Tuesday, January 3, 2017

Sing, Dance and Act

The death of Debbie Reynolds the day after her daughter Carrie passed away proved to be enough news to provide the media with plenty to so. Daughter/mother back-to-back deaths. Show biz. Cue the video. Death by broken heart, etc. Two days in a row the NYT carried front page obituaries, Carrie, then Debbie, pictured with daughter Carrie.

Live to be 84 like Debbie Reynolds, and still commanding attention in the entertainment world is quite an achievement. Even without the day-after-link to her daughter, Debbie Reynolds deserves the attention she got.

I remember the father of the brothers I became friends with in the mid-60s, commenting on the Radio City Rockettes, who actually went out on strike. This was the mid-60s, and the father, Sidney Piermont, was a CBS-TV producer, working on the Garry Moore and Carol Burnett shows.

His background was show business, having been a booking agent for Loew's vaudeville talent. From this he vaulted into doing USO shows in North Africa during WWII, actually getting a Purple Heart for a shrapnel wound from a bomb that exploded nearby. His second wife was Mike Todd's secretary, Marjorie (Susan) whose red hair--ginger--was an instant attraction.

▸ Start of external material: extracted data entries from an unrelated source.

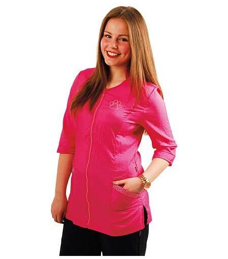 Robe de coiffure au design très élégant. Les mêmes dents de la fermeture éclair, les bords des poches et le motif d'une empreinte digitale sur la poitrine sont décorés d' ornements brillants. ...
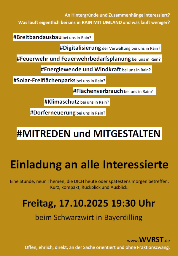 Am 17.10.2025 informierten wir als WVRST öffentlich, offen, ehrlich, direkt und an der Sache orientiert über Sachverhalte und Hintergründe, die DICH und DEINE GEMEINDE täglich betreffen. Ohne Fraktionszwang.
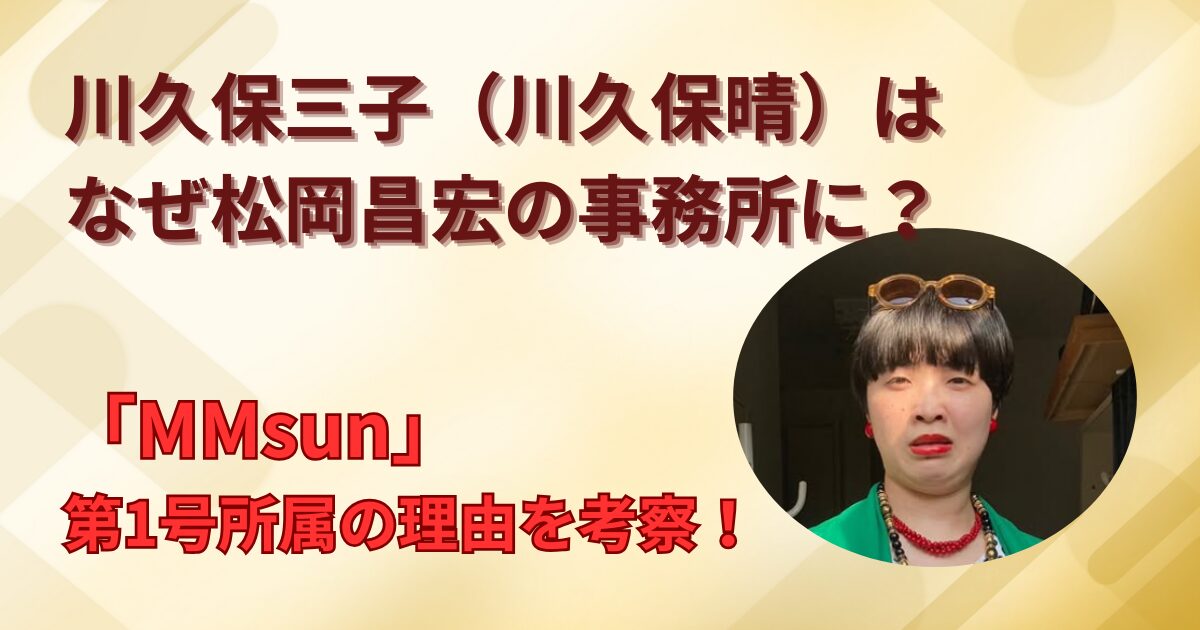 今回は、松岡昌宏さんが立ち上げた事務所「MMsun」に所属する唯一のタレント川久保三子さんの情報をお届けしたいと思います。
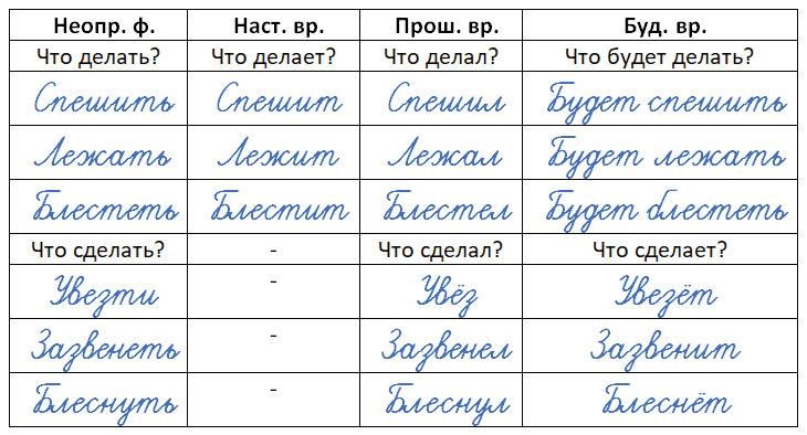 Спешить, увезти, лежать, зазвенеть, блестеть, блеснуть
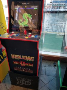 arcade machine on the cabinet and the included riser. Standing at just over 5’ tall (slightly below
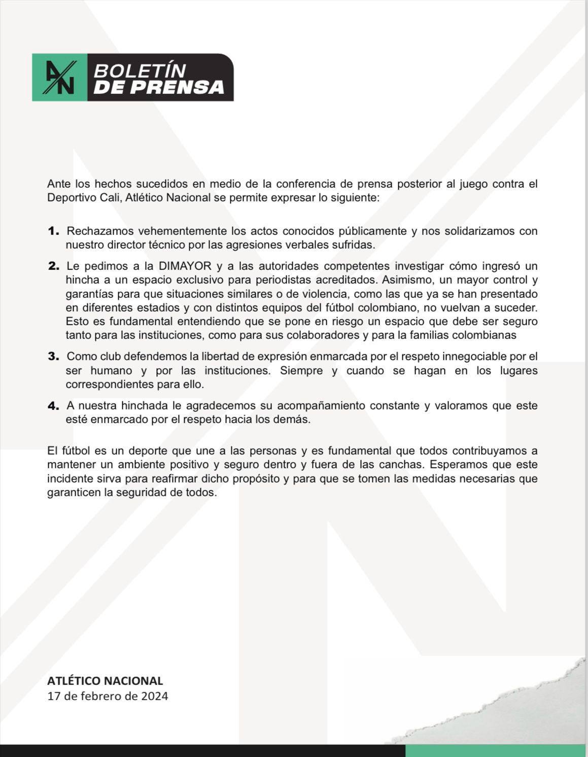 En ese mismo sentido, Atlético Nacional exigió “un mayor control y garantías para que situaciones similares o de violencia no vuelvan a suceder”.
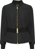 Catago klassiek en elegant jasje in gewatteerde look. Geribde kraag en manchetten met super chique gouden details, waaronder een riem die de taille accentueert. Voor een elegante look te paard, op stal of zelfs in de winkel. Jasje valt getailleerd.
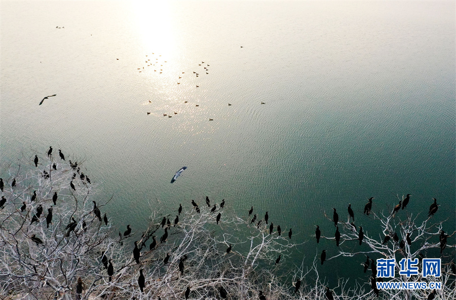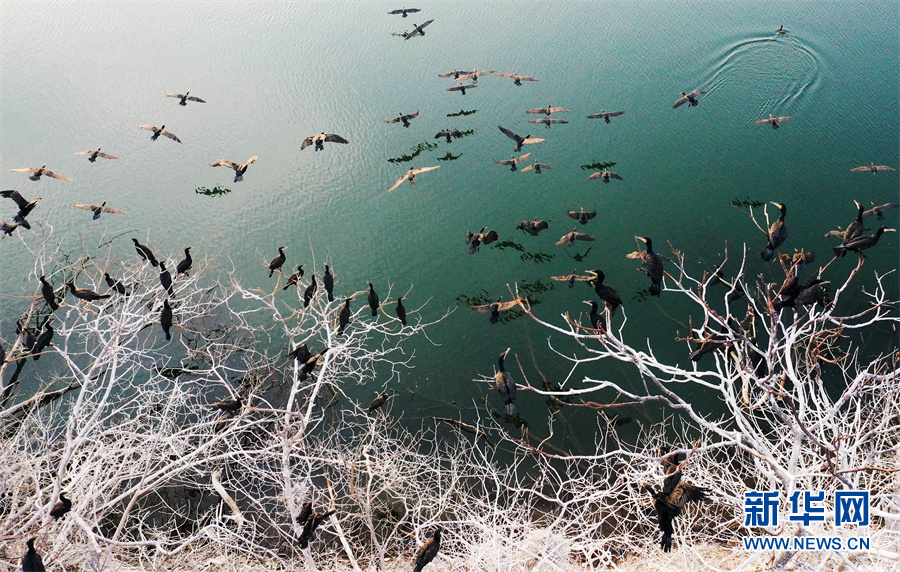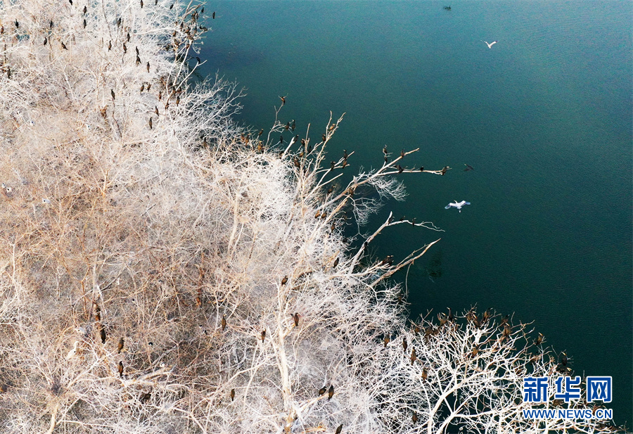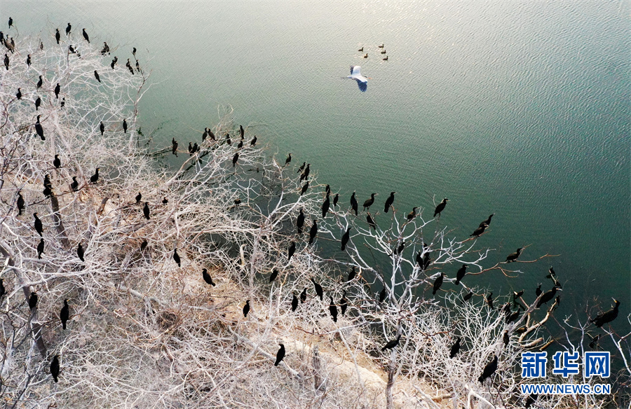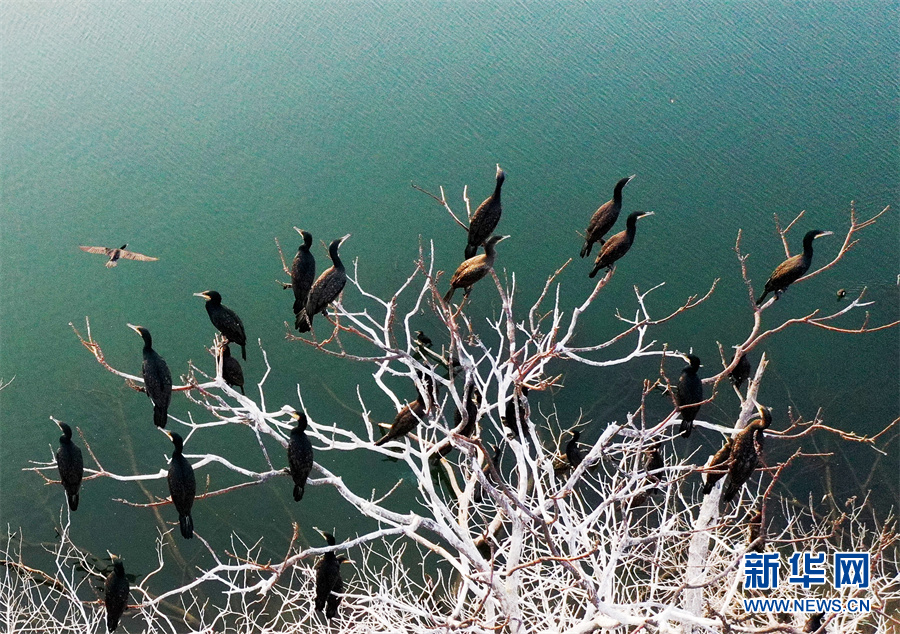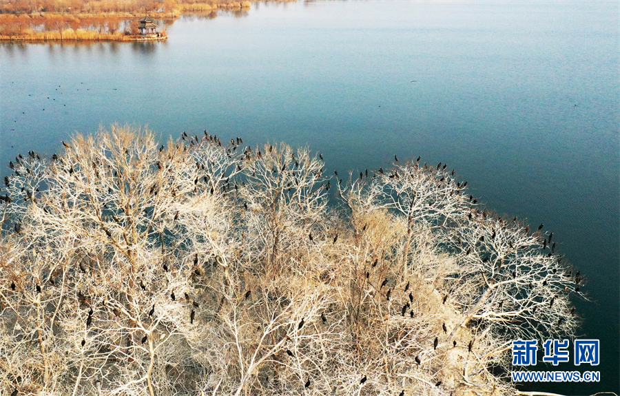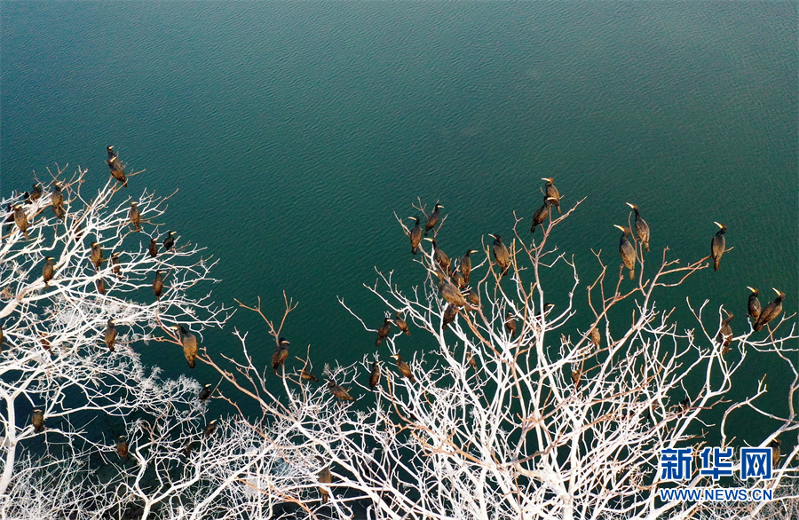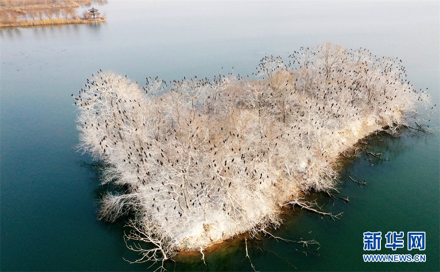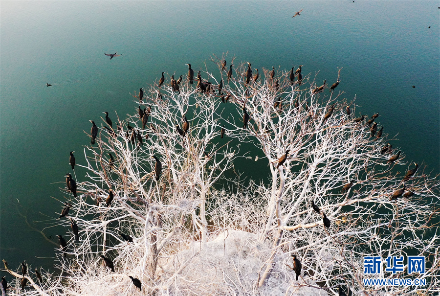 2023年1月2日,在安徽省淮北市南湖国家湿地公园鸟岛上,众多野生鸬鹚云集枝头,栖居于碧水之间,构成一幅美丽的生态画卷。

He may not have been 'Mr. Broadway' but a letter once addressed to him, only giving Times Square as the address, once reached him. He was a judge at the 1945 Miss America Pageant that awarded Bess Myerson the crown. Bess's New York roots and his own weren't enough however for him to vote for her. His vote went elsewhere.

Sidney was a Toots Shor regular, and his sons remember being introduced to all kinds of people at Toots's, sports, entertainment and mobsters alike. Frank Costello stopped by the table to say hello.

The point that's going on here is that Mr. Piermont was from a show business era that coincided with that of Debbie Reynolds, and others. So when the Rockettes went out on strike he shook his head that dancers could even be unionized. He said to get into show business you once had to be able to "sing, dance and act." Do all three, or take a hike. Like any era, things were changing.

Considering Debbie Reynolds's career, you can certainly say she had all three. As did Janet Leigh, Rita Hayworth, Marilyn Monroe and many others who you might now be watching on Turner Movie Classic-like cable stations.

The Reynolds obit tells us she had never even danced professionally before her role in 'Singing in the Rain,' matching moves with Gene Kelly and Donald O'Connor at the age of 19, shown above. Perhaps not professionally danced, but she certainly knew how to dance. And consider the saloon dance scene in the movie 'The Unsinkable Molly Brown.'  Who do you think could do that these days?

Yes, part of an era where you had to, "sing, dance and act."